Classroom-Event-Detection

In this repository the events in the classroom like sit, stand, walk and fight are detected and labelled.

The Demo.ipynb stores the code scripts required to get prediction for the Demo videos.

Requirements

Programming tools: Python, Matlab, Visual Studio

Version of Pyhton: python 3.5
Version of Matlab: Matlab R2017A
Version of Visual Studio: Visual Studio Professional 2015
Open source: YOLO, MEEM Tracker

STEPS

Install python 3.5, matlab R2017A, visual studio 2015, Cmake.
Download binaries for opencv3.0 and opencv_contrib3.0.
Build binaries using cmake and visual studio.
Download mexopencv3.0 and run the matlab command to link python.
Place Data in videos folder and select the file when the prompt shows up.

Model Steps

Step1: Extract the frames from the video files and store it in directory.

*   One frame every third frame is extracted.
*   10 such frames(F0 - F9) are extracted and stored ina directory named a0.
*   Next 10 frames(F1 - F10) are stored in directory a1...and so on until frames are there in video.

The frames are stored in a seperate directory called Demo with structure a{0-9}/img/img0 till img9.

Step 2: Detect individual person in each frame and get the coordinates of the person in the frame.

*  In this step the coordinates of each person is detected using the open source libraray called YOLO.

* Person is searched for and detected in frame 0 ( F0 ) of each directory ,i.e. for each a{0-9}.

*   The detected coordinates of the humans are then stored in a{0-9} folder in a .txt file named as person{0-9}.txt, where person0 stores the coordinates of first person in frame 0 ( F0 ) and person1 stores coordinates of second person in frame 0 ( F0 ) and so on...

Step 3: Track the coordinates of the person in the next 9 frames of the image set.

*   MEEM tracker is used to detect the coordinates of the humans in the next 10 frames of the image set.
*   It accepts the coordinates of the person in frame 0 ( F0 ), the initial frame ( F0 ) and the folder containing the set of 10 frames.
*   It returns the tracked coordinates of that person in next 10 frames.
*   Each output{0-9}.txt file containing the coordinates of the person in other 10 frames corresponds to every input{0-9}.txt files which contain the coordinates of person in first frame ( F0 ).
NOTE: You need to place the MEEM tracker code in the same current directory.
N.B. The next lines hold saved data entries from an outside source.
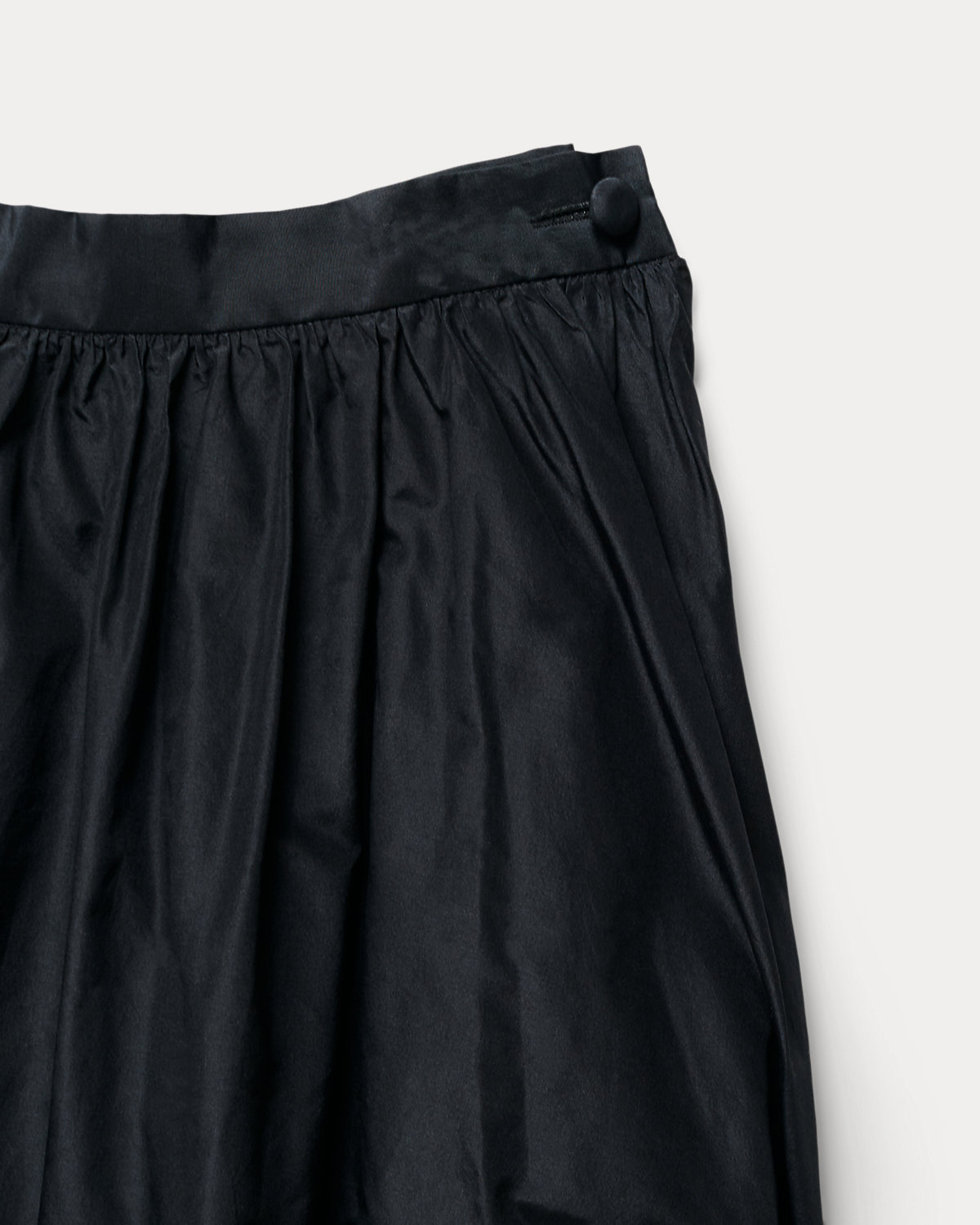 - Button and hook-and-eye closure at the waistband.
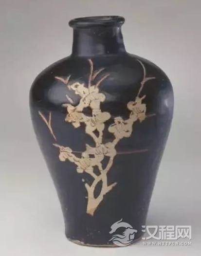 宋吉州窑黑釉剔花梅瓶高19cm,口径5cm,足径6.8cm。瓶小口,圆唇,短颈,丰肩,内凹足。通体施黑釉,器身剔折枝梅花,纹饰部分露黄色胎,花蕊用褐彩勾画,装饰效果极强。
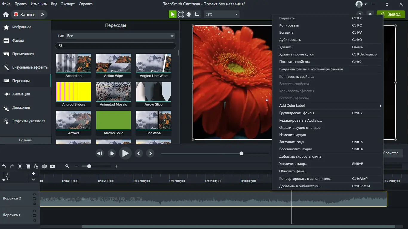 Camtasia объединяет функции захвата и видеоредактора в единой среде, упрощая процесс создания профессиональных материалов без необходимости использовать дополнительные программы.
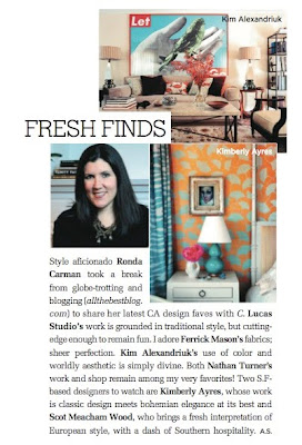 I was thrilled when Andrea Stanford at C Magazine asked me to name a couple of my current California design favorites for the March issue (NO EASY TASK). A few that I have my eye on right now are Kimberly Ayers, Kim Alexandriuk, Ferrick Mason, Lucas Studio and fellow blogger Scot Meacham Wood. Of course, Nathan Turner is always a favorite!

Step 4: Extract the person out of all 10 frames.

* The output file of MEEM tracker output{0-9}.txt contains the coordinates of the person{0-9} in all 10 frames that was detected in the YOLO stage.   

*   The region bounded by the output{0-9}.txt files is cropped out from each 10 images and saved into a subfolder res{0-9}.

*   Each individual person have their set of extracted images pertaining to that person only.

Step 5: Get the input feature for Demo data.

*   Read the cropped images for each person. 
*   The images are then reshaped to 96\*96 size and is converted into gray scale values.
*   All the images are then concatenated together to give a structure of the shape 10 \* 96 \* 96 \* 1.
*   This formsas input to the CNN model which gives the probabiltiy of the event occuring.

Step 6: Labelling the images and generating video.

1.   In this step the frame 0 ( F0 ) of all the folders is labelled with corresponding predition and the image labelled for each human detected is stored in the directory names 'res'.
2.   The images are stored in the alphabetical order of how they occur in the video and thus have the same order in which they can be joined to form a video.

Two models were compiled and trained. The models were checked to identify which model gives better accuracy.

One 3DCNN model that gives prediction for all the classes of events (sit, stand, walk, push) that could possibly occur.
Four seperate 3DCNN models that individually checked for probabilty of occurance of each of the individual class of event.


The training and validation errors over the epochs changed like..


Accuracy changes with epochs	Loss changes with epochs

Model 1: One model for all class of events.

*   The model outptus the probability of the set of images to represent each of the classes of event.
*   The event which has highest probability is selected as the event that is occuring and is selected for labelling on the image.


Normalized Confusion matrix is plotted as:-

Model 2: Four seperate model for each class of events.

*   Each of the four model outptus the probability of the set of images to represent that classes of event.
*   Out of all thet probabilities the probability which is highest is selected as the event that is occuring and is selected for labelling on the image.